ALL FOR A DOLLAR: Trustee Seeks Chap. 7
Upon the application of the United States Trustee
for the Eastern District of New York, a hearing
will be held on October 28, 1997,  for an order
converting this Chapter 11 case to a case under
Chapter 7 of the Bankruptcy Code.

ARROW: Court Approves Sale
The US Bankruptcy Court for the District of Oregon
has entered an order authorizing Arrow
Transportation Co. of Delaware to sell certain
personal property, to reject real property leases
and personal property  leases and executory
contracts and  authorizing Arrow to reject
collective bargaining agreements.

Arrow is authorized to sell personal property to
Matlack, Inc. for the purchase price of $5,445,000,
subject to certain adjustments.  Arrow will deposit
proceeds totaling $4,058,035.51 on account of
alleged liens and claims in a segregated interest
bearing account for certain creditors including
Associates Commercial Corp., Concord Commercial
Corporation, Mellon US leasing and Deer Park
(Texas) Independent School District.  

BARRY’S JEWELERS: Committee to Hire Counsel
Barry’s Jewelers, Inc'’s Official Unsecudre
Creditors’ Committee has applied to the Office of
the United States Trustee to hire Whitman, Breed,
Abbott & Morgan L.L.P. as its counsel.

CLOTHESTIME STORES: Emerges From Bankruptcy
Clothestime Stores, Inc., announced it has
officially emerged from bankruptcy, effective
September 28, 1997.

The joint Chapter 11 reorganization plan submitted
by The Clothestime, Inc., and its five debtor
affiliates was confirmed by Judge John J. Wilson of
the United States Bankruptcy Court for the Central
District of California on September 10, 1997.

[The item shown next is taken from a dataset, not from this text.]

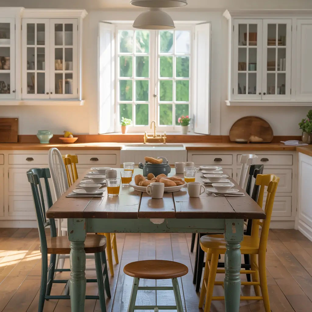 • Incorporate wooden furniture pieces like a farmhouse table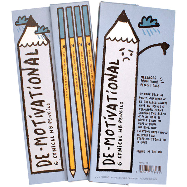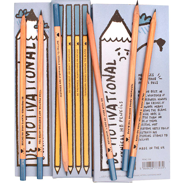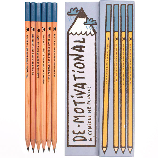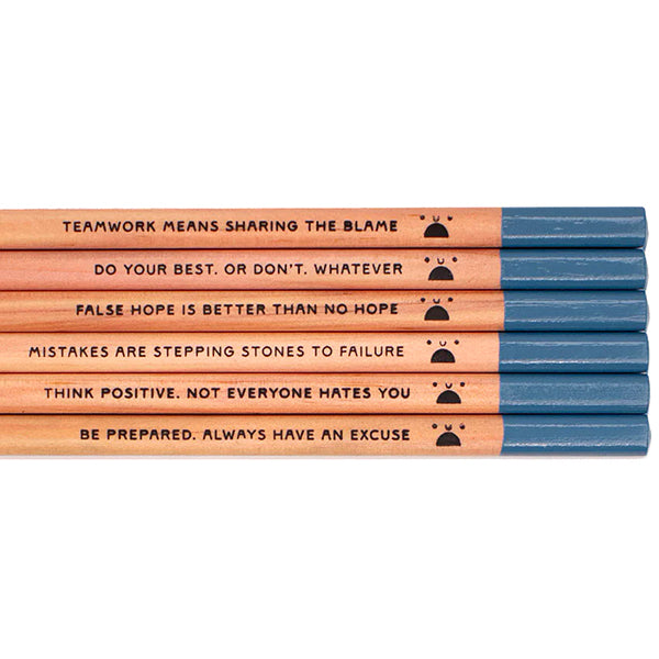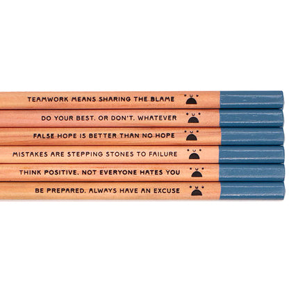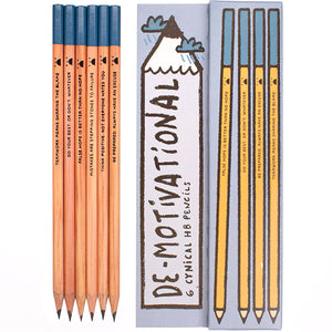 The six pencils in this set all feature really un-motivational messages such as 'False hope is better than no hope'. All rather entertaining if not not very productive...

Clothestime Stores is emerging from Chapter 11 as a
privately held company.  All common stock and other
equity securities of The Clothestime have been
canceled under the plan and, accordingly, have no

David Sejpal, chairman, president, and CEO of
Clothestime Stores, expressed his gratitude to the
over 1,700 Clothestime associates, numerous
suppliers, and loyal customers for their tremendous
dedication throughout the course of the bankruptcy

COUNTY SEAT: Hearing To Reject Real Property Leases
On October 15, 1997 at 9:30 AM, the debtor, County
Seat Inc., and its direct and indirect
subsidiaries, County Seat Stores, Inc. and CSS
Trade Names, Inc. are seeking to reject 67  
nonresidential real property leases.  

The debtors claim that in an effort to reduce post-
petition administrative costs and in the exercise
of sound business judgment, County Seat has
determined that rejecting the leases provides the
best possible recovery for County Seat’s
stakeholders.  County Seat requests that the
rejection be deemed effective as of either October
31, 1997, January 15, 1998 or January 31, 1998 in
order to allow a liquidation of the stores’
inventory without the necessity of removing it from
the premises.  Most significant to the debtors, the
rejection of the leases would improve the debtors’
cash flow.

EDISON BROTHERS: Want to Compromise L/C Claims
Edison Brothers Retail Stores, Inc., according to
Bankruptcy Creditors' Service, told the bankruptcy
court prior to the petition date Banca Nazionale
del Lavoro issued certain stand-by letters of
credit to secure  Edison' insurance obligations.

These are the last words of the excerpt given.